Parla uno dei ragazzi controllati durante il blitz: «La pula doveva venire di sabato»

da Verona

«Vecio che storia». Il giorno dopo non si parla d’altro a Verona. «Mi han fatto la perquisa», «sembrava di essere in un film». Tutti conoscono nei dettagli la storia del blitz all'Alter Ego: l’inaugurazione è una volta l’anno, c’era praticamente tutta i giovani della città. E però si riusciva ancora a camminare tra le tre piste quando si è fermata la musica. Troppo presto entrare alle due, i «giusti» arrivano più tardi, quando il Mazzanti in piazza delle Erbe chiude e allora sì che è tempo di «salire su all’Alter». Dal parcheggio domini il centro storico e dentro invece, trovi chi in centro ci abita: il ragazzo che la mattina dopo arriva a scuola con le occhiaie, l’universitario che studia in città, quello che a Verona ci torna solo il weekend e chi lavora da un pezzo, l’irriducibile dell’Alter. Venerdì notte, apertura della stagione, l’appuntamento a cui non si può mancare, la serata tipo del «fighetto» in mocassino e camicia fatta a mano infilata dentro il jeans, rigorosamente stretto. «Vecio che storia, c’era una marea di pula», e in effetti gli agenti erano un centinaio, più le unità cinofile e persino un elicottero, «quel rumore mi rimbomba ancora in testa».
«Subito ho pensato a uno scherzo - racconta Marco, 25 anni e una laurea in economia - stavo ordinando una vodka Redbull al bar vicino ai bagni quando hanno acceso le luci». Andrea l’hanno perquisito due volte: «Prima dentro e poi quando finalmente sono riuscito a uscire, verso le tre e mezza». «Hai qualcosa?», gli ha chiesto un poliziotto in borghese, prima di cominciare ad accertarsene da solo.

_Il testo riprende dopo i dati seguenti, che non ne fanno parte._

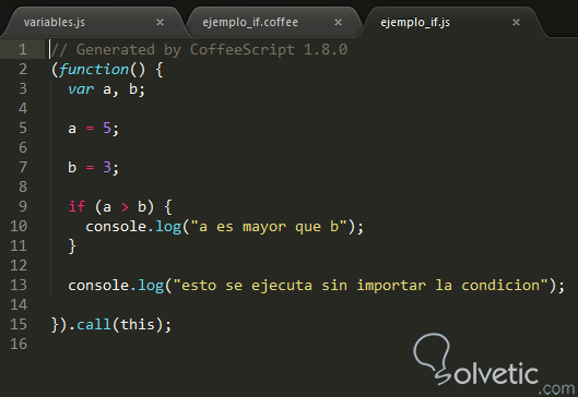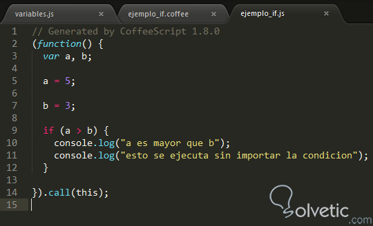a = 5b = 3if a > b console.log "a es mayor que b"else console.log "a no es mayor que b"console.log "Esta linea se ejecuta siempre"Procedemos a compilar nuestro programa y veremos el archivo .js resultante en la siguiente imagen:

«Chi aveva qualche grammo l’ha buttato subito - racconta un altro ragazzo, uno di quelli che all’Alter ci va da quando aveva 16 anni - ma la verità è che avrebbero dovuto fare la retata di sabato sera: li sì che se ne vedono di tutti i colori». Il venerdì, «al massimo becchi qualcuno che tira in bagno, come in tutti i locali. Mica solo a Verona».
È il sabato che fa la differenza. «Da sempre, lo sanno tutti». Li chiamano «mostri», oppure «cyborg». Gli occhiali da sole li indossano di notte, sopra agli occhi persi, o sui capelli, paralizzati dal gel. Arrivano dalla provincia con i pullman ma anche dalla Verona bene, si danno appuntamento al sabato perché ci vuole la techno «mica la musica commerciale da fighette».

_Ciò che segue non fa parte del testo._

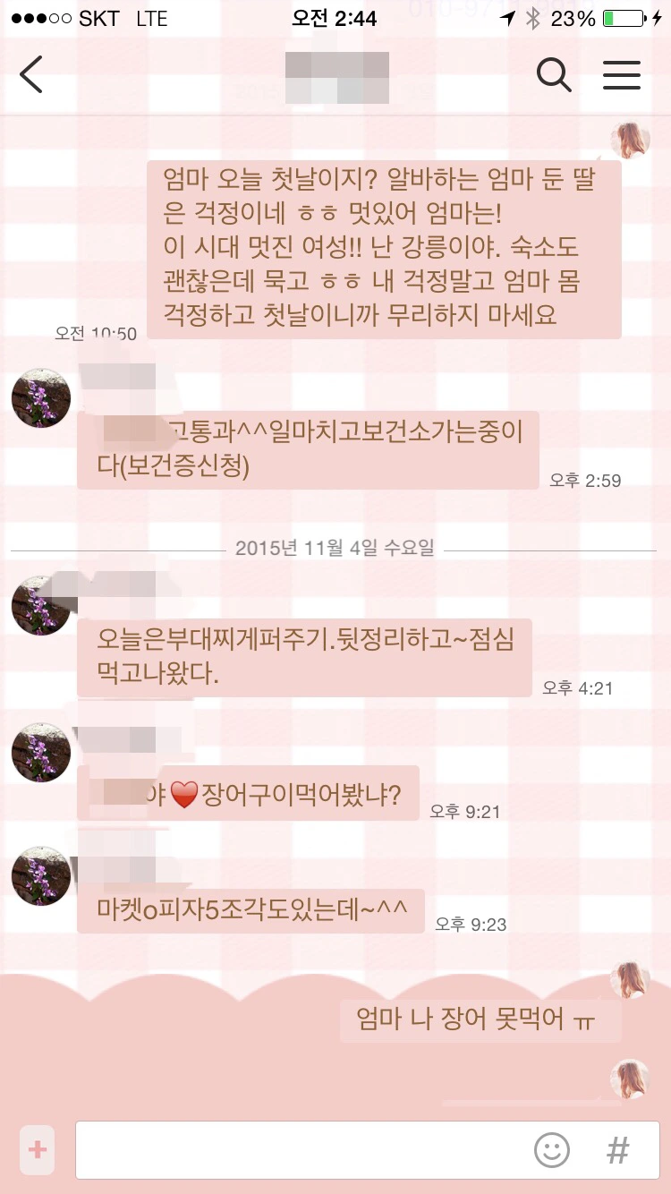 그러나 10분 뒤, 엄만 다시 톡을 보냈다.

Di mocassini però non se ne vedono al sabato, anche le ragazze rinunciano ai tacchi a spillo del venerdì perché quando «sei inscimmiato balli a stecca», sì insomma sotto l’effetto delle droghe ti dimeni come un animale. E quando parte il coro nella pista principale, tocca saltare per davvero. «All’Alter Ego si vola con la pastiglia in gola». «All’Alter Ego non mi piego, una pasta non mi basta, ma con otto mi cappotto». E poi l’ever green: «Al-te-re-go, al-te-re-go…».
Cappellino con la visiera e maglietta Squared, ma chi si cala le paste lo riconosci dalla mandibola, d’improvviso scoordinata rispetto al resto del corpo, «non riescono più a fermarla». Ballano con una bottiglietta d’acqua in mano quelli che preferiscono gli acidi: «l’Mdma va sciolto come fosse un’aspirina e bevuto lentamente», spiega Andrea. La regola: continuare a ballare. «Nessuno al sabato spende 120 euro per fare il figo al tavolo», il divertimento è in pista, al massimo ci si sposta tra i banconi dei due bar, o nei bagni, «perché lì, si sa, succede davvero di tutto».

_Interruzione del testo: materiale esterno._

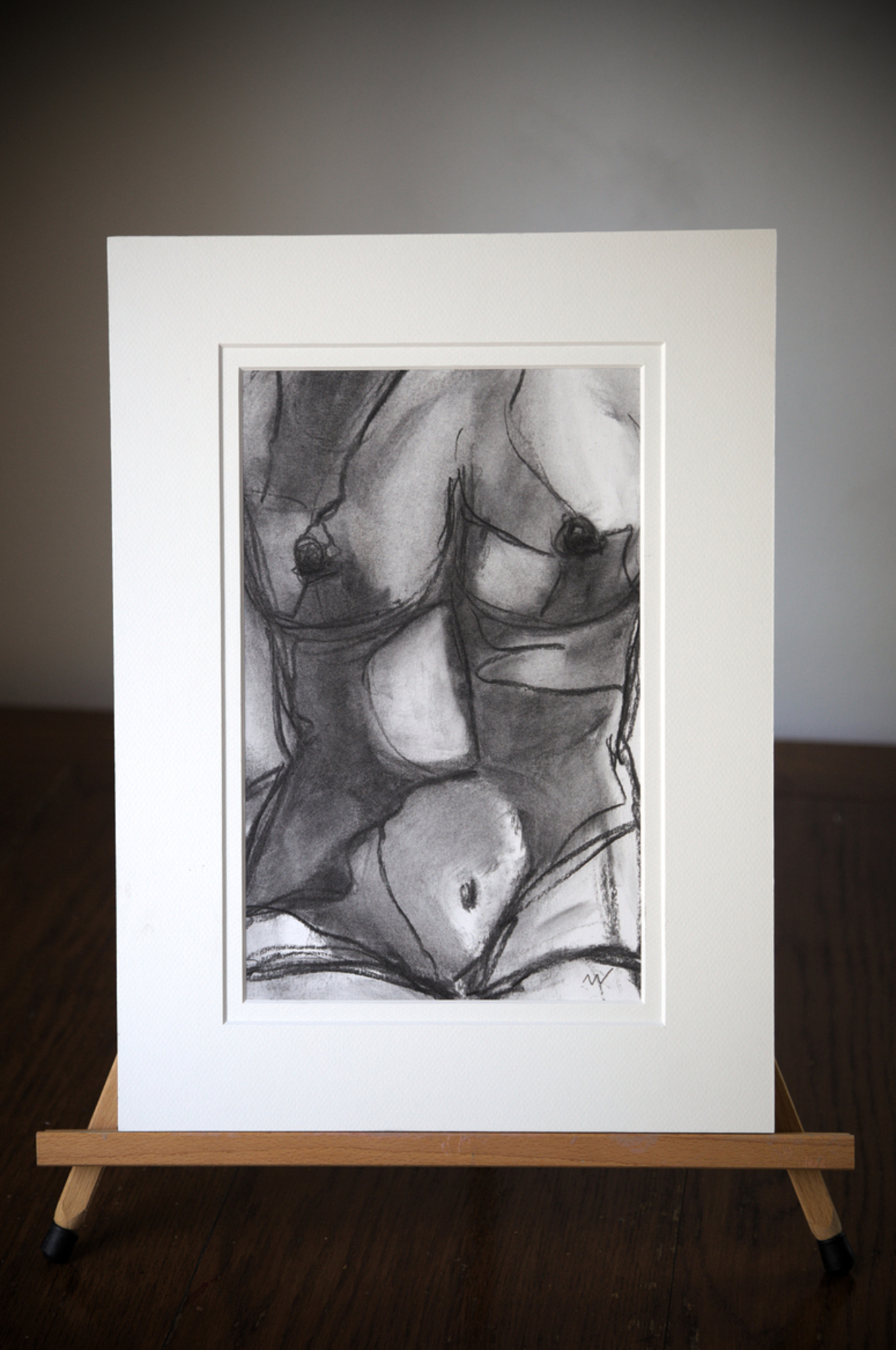 Tijdens de mantelzorg van mijn moeder heb ik tijden middagen houtskooltekeningen gemaakt. De hardheid en zachtheid van het materiaal levert verschillende sferen rondom het verbeelden van het vrouwenlichaam. Alle tekeningen zijn in een passe-partout

«Vomitare è il minimo - continua Marco - non so quante ragazze ho visto perdere completamente i sensi, buttate sui divanetti di pelle rossa». E poi ci sono quelle che si chiudono in bagno, «in compagnia... e quelle che usano il marmo del lavandino come pista per tirare il prodotto». Ovvero la cocaina.